## [Work item]
Look in the listing below for the line that has "财联社11月23日电,北向资", then return it and each following line up to and including the one with "駅に到着後、クラクフで有名と", exactly and without pictures.

## [Dataset extract]
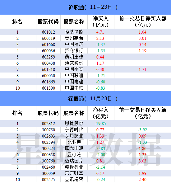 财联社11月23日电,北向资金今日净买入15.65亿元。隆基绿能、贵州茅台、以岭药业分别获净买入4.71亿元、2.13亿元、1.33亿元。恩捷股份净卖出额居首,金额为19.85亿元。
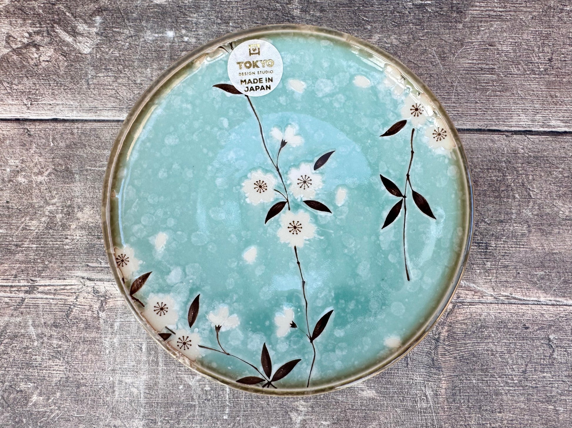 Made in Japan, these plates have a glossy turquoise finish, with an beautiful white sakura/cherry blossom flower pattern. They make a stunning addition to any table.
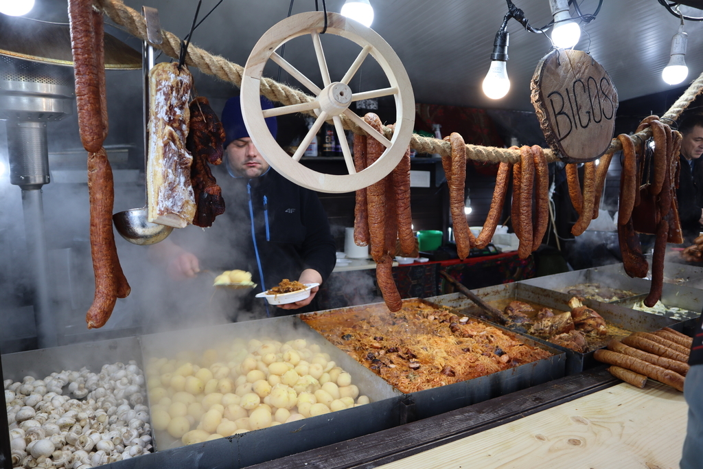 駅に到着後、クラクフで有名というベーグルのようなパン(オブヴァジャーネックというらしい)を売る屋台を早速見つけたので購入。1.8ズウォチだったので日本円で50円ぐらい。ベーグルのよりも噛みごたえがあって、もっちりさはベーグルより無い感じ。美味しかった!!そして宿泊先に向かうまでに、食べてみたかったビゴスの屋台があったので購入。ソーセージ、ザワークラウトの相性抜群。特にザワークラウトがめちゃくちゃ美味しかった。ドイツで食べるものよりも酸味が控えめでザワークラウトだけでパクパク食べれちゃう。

--

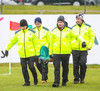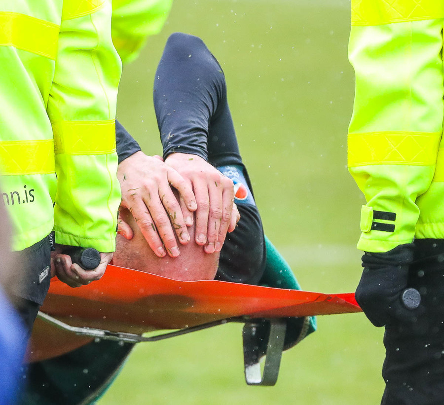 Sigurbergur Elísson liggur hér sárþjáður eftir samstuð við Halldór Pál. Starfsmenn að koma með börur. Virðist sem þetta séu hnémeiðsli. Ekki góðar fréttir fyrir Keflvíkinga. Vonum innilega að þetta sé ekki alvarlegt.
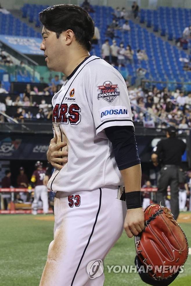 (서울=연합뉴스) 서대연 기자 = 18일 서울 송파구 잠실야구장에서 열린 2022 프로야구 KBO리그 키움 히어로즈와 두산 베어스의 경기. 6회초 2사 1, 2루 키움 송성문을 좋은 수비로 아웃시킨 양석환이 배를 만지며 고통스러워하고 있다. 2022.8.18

## [Completed task]
 财联社11月23日电,北向资金今日净买入15.65亿元。隆基绿能、贵州茅台、以岭药业分别获净买入4.71亿元、2.13亿元、1.33亿元。恩捷股份净卖出额居首,金额为19.85亿元。
 Made in Japan, these plates have a glossy turquoise finish, with an beautiful white sakura/cherry blossom flower pattern. They make a stunning addition to any table.
 駅に到着後、クラクフで有名というベーグルのようなパン(オブヴァジャーネックというらしい)を売る屋台を早速見つけたので購入。1.8ズウォチだったので日本円で50円ぐらい。ベーグルのよりも噛みごたえがあって、もっちりさはベーグルより無い感じ。美味しかった!!そして宿泊先に向かうまでに、食べてみたかったビゴスの屋台があったので購入。ソーセージ、ザワークラウトの相性抜群。特にザワークラウトがめちゃくちゃ美味しかった。ドイツで食べるものよりも酸味が控えめでザワークラウトだけでパクパク食べれちゃう。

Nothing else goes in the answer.